And with regards to your second statement, if I am in trouble financially, but, I find this company that says if you pay R4500.00 you come into our network at the highest level, and can earn up to 'X' amount in a year, I would do my homework before joining. Not everybody has that kind of money, I know I don't.

I am not making money off charity. To rebuild a community costs money. To help people costs money. What we are trying to do, is merely help those who live in Suburbia and earn a low income, earn some extra money, and also help those who live in townships to actually be able to support their families.

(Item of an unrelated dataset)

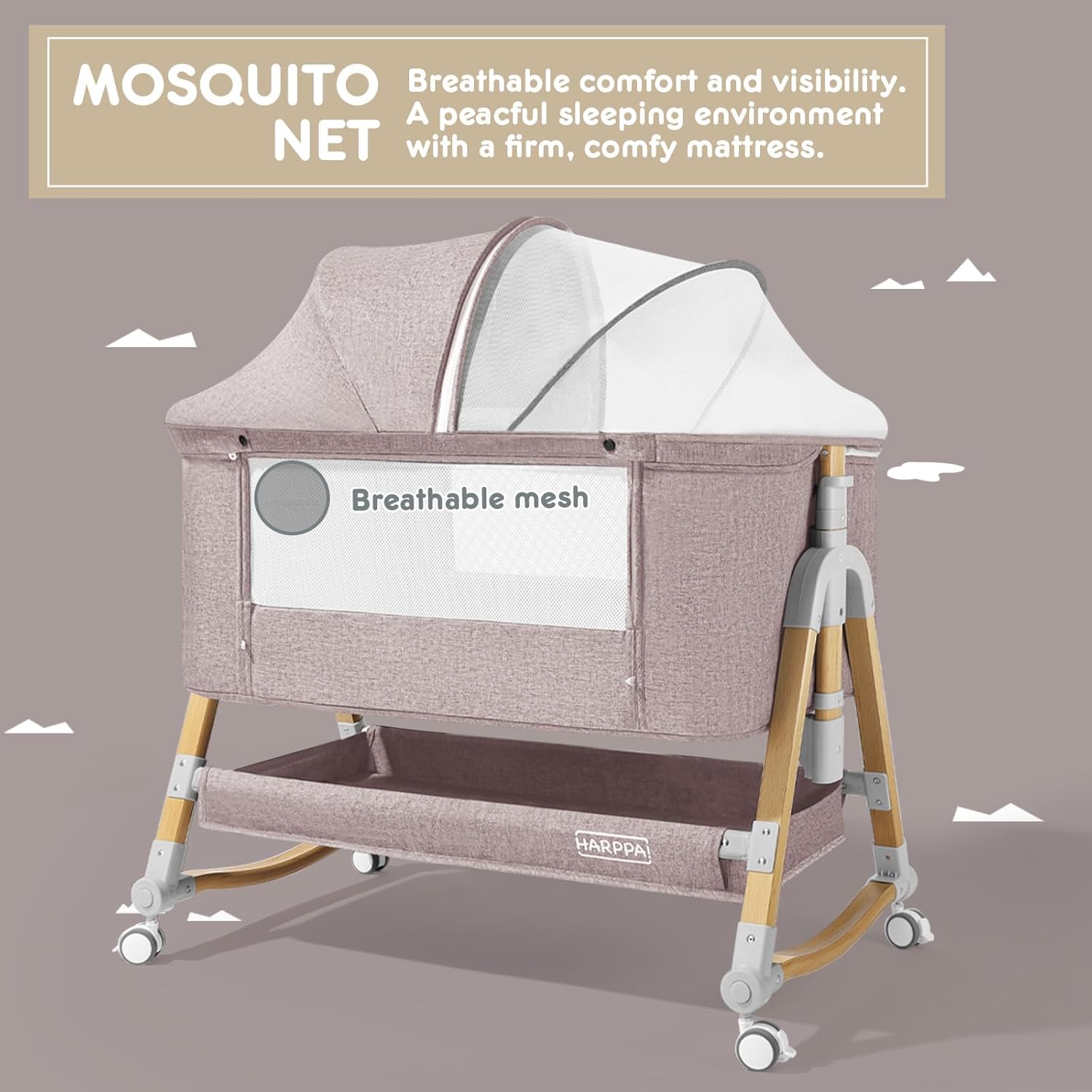 3 in 1 Convertible Bassinet: HARPPA bassinet can be used as a bedside bassinet、rocking bassinet or standalone baby bassinet. Mimicking gentle parental rocking to create a tranquil sleeping environment for the baby

Why do people break into houses? Steal Cars? Rob people at gunpoint? .. for money .. if everyone can work together as a nation to change the unemployment, crime levels will come down. 

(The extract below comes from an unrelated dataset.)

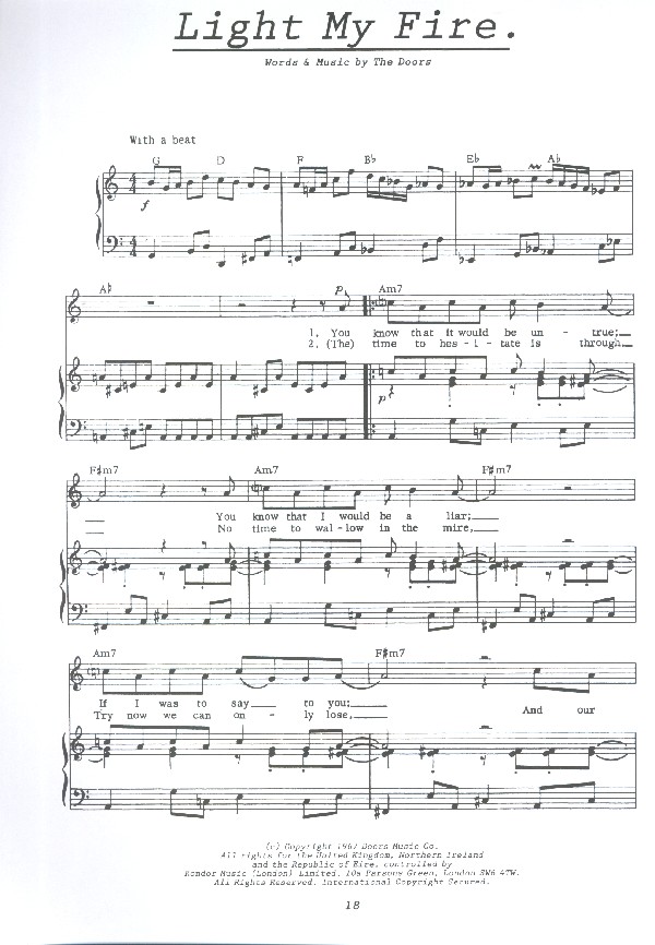 Been down so long Cars hiss my Window Changeling Crystal Ship The End Five to One Hello, I love you L. A. Woman Light my Fire Love her madly Love Street Not to touch the Earth People are strange Riders on the Storm Soul Kitchen Strange Days Twentieth Century Fox The unknown Soldier The Wasp When the Music's over

Changing people's mindsets about anything is a difficult task. And getting the idea of a crime free, unemployment free South Africa across the board and into the mind of every South African is our biggest obstacle, but we believe we can do it. And we will. And when we do, I hope everybody is ready for it.  :Smile:

----------


## adele.strydom

So it seems in my rush to type everything out, I gave you incorrect information. My apologies for that. Here are the correct figures ..

44% is used for commission
38% is used for bank charges and Tax
18% is used for Research & Development

http://www.1wayforward.org/index.php...u_item~~L1_535

Sorry again. I hope this explains it better.

----------